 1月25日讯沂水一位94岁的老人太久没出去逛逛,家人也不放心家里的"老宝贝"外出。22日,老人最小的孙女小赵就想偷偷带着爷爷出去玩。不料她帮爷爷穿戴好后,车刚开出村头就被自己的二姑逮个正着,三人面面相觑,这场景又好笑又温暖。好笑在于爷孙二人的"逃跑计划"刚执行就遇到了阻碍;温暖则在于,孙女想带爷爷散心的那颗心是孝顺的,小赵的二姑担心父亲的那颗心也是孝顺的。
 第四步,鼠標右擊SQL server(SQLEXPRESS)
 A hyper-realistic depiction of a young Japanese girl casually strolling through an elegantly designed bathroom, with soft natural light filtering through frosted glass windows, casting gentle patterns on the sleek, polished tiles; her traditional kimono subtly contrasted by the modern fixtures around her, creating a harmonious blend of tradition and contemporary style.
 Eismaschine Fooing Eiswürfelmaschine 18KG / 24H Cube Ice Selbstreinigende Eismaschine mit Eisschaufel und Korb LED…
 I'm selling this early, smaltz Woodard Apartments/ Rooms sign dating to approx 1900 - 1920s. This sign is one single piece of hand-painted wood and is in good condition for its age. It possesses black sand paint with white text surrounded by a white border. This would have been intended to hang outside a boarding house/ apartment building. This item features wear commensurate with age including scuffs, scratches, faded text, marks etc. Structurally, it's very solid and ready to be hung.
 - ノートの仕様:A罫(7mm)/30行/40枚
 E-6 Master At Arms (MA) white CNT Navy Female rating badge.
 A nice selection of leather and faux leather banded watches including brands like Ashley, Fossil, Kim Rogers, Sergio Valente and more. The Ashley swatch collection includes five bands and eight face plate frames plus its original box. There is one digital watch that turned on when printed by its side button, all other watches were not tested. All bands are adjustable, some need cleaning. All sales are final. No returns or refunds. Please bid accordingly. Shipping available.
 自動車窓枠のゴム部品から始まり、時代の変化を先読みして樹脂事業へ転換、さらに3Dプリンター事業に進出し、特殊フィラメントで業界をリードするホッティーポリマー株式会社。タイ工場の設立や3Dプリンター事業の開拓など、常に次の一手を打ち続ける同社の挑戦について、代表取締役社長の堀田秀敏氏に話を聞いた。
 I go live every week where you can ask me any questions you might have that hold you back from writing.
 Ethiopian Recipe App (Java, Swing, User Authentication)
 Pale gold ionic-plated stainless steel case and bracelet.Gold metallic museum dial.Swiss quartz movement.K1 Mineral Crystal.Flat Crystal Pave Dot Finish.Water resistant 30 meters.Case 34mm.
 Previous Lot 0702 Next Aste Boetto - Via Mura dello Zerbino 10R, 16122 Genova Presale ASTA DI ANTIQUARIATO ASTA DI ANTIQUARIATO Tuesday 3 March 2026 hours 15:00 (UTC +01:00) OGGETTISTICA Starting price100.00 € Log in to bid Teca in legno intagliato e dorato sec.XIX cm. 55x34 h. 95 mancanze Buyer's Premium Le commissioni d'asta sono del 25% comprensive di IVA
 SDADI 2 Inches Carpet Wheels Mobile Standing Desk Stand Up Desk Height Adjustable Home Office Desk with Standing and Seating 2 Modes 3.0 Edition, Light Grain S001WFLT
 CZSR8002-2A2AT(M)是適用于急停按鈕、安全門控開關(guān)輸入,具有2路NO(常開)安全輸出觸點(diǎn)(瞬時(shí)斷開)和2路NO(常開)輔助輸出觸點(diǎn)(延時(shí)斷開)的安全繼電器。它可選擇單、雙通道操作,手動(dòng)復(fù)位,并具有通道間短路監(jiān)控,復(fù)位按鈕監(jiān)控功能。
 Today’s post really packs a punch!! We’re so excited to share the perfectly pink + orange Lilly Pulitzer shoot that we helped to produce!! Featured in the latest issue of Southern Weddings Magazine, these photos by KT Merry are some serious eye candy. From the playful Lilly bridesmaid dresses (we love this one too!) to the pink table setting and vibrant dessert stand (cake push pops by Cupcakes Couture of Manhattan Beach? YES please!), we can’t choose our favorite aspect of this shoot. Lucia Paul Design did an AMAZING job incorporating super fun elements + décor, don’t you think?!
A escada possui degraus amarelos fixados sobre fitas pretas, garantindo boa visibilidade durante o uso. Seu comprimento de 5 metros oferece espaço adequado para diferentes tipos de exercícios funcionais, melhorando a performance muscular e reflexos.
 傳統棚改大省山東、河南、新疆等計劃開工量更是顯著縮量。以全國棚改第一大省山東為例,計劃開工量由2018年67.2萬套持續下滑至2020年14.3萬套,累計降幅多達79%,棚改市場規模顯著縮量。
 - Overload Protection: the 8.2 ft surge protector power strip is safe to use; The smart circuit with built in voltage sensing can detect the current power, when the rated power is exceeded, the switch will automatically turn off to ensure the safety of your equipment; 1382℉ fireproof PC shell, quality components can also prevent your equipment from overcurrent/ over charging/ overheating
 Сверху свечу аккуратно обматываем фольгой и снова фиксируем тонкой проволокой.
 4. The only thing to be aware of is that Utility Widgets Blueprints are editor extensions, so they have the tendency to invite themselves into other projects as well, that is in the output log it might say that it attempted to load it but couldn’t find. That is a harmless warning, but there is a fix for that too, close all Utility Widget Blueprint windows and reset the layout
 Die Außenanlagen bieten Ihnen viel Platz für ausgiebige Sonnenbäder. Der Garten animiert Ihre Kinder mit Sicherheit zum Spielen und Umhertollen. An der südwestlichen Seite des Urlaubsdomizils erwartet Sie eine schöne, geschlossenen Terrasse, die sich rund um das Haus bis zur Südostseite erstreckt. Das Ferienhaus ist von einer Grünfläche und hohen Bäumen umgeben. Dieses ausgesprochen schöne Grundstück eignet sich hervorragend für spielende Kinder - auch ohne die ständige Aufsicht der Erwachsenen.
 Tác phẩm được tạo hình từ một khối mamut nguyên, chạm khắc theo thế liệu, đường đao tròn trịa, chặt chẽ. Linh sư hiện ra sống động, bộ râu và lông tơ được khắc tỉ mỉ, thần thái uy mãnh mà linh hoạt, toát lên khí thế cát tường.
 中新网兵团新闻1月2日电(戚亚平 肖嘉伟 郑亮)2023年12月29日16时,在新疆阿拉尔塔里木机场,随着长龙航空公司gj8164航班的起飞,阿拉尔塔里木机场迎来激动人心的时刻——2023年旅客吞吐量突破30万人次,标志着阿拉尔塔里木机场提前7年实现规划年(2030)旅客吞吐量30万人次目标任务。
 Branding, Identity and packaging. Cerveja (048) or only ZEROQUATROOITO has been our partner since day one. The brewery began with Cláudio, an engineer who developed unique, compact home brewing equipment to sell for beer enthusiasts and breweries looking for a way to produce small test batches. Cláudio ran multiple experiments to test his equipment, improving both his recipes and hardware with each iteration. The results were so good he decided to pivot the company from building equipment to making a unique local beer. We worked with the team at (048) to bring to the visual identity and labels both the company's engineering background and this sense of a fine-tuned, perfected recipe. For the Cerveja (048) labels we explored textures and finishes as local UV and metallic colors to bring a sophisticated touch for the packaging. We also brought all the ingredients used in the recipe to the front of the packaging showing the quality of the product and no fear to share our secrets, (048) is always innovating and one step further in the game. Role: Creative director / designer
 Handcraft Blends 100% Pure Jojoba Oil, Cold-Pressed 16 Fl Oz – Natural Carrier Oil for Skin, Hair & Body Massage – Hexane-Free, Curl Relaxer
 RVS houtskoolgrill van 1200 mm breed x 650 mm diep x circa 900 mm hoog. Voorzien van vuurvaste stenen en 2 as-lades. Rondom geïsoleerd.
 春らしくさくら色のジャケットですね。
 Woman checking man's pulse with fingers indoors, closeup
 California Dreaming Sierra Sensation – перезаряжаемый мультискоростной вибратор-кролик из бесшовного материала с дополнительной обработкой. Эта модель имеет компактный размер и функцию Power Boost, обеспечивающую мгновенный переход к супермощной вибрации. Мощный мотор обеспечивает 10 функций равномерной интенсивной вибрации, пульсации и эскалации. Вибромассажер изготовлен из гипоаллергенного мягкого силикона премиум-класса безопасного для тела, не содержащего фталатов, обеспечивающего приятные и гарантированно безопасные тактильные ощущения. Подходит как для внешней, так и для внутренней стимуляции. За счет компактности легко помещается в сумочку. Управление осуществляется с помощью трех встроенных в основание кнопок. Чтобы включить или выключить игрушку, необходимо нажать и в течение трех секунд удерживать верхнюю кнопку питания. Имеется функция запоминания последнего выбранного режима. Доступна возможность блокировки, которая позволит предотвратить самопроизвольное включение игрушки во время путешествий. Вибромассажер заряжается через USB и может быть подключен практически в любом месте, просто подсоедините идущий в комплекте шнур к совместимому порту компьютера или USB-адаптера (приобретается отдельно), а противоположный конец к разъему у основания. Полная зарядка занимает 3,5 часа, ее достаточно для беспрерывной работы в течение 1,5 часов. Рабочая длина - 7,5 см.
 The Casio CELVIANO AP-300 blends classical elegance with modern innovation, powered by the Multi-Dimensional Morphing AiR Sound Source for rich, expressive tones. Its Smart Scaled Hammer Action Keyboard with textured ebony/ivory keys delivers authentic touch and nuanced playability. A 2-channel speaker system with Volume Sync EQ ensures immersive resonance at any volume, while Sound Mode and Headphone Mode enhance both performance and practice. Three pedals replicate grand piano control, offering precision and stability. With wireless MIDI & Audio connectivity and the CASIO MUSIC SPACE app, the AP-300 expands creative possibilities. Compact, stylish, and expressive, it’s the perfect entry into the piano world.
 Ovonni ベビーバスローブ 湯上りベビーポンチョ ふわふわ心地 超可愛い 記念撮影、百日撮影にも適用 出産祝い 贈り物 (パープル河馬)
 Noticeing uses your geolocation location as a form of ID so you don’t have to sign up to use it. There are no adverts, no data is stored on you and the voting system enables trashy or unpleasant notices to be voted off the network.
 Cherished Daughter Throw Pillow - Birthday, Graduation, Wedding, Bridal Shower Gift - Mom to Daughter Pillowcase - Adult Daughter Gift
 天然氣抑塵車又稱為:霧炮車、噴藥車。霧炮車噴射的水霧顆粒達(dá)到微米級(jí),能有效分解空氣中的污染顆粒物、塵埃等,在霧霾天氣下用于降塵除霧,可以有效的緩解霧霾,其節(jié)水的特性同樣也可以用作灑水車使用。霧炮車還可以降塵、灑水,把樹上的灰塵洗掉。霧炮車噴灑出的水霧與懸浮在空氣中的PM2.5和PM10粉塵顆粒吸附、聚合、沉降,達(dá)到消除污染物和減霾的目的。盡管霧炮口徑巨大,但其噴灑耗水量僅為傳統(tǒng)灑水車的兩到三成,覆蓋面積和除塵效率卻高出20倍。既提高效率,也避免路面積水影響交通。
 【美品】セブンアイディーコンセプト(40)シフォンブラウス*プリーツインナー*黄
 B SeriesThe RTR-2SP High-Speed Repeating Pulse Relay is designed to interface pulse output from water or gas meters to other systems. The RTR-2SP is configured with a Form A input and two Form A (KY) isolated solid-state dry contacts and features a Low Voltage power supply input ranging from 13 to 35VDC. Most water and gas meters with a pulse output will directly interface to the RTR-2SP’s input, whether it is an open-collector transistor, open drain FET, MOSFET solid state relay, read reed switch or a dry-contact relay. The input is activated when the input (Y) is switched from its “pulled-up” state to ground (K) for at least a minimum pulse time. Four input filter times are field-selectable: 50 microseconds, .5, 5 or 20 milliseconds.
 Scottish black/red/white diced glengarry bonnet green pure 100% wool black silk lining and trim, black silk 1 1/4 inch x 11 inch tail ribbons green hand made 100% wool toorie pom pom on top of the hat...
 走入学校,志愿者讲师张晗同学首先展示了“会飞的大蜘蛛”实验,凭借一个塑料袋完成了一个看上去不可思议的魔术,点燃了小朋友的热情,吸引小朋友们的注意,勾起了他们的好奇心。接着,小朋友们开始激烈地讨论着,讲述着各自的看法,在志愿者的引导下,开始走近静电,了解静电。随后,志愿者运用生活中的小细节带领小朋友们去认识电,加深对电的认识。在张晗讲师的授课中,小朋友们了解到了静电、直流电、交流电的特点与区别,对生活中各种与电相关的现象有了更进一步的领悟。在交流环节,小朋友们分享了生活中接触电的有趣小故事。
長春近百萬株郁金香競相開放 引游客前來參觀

+---+

Prompt
The reply should be nothing but the number of lines in the entries that include "some".

Solution to the exercise
2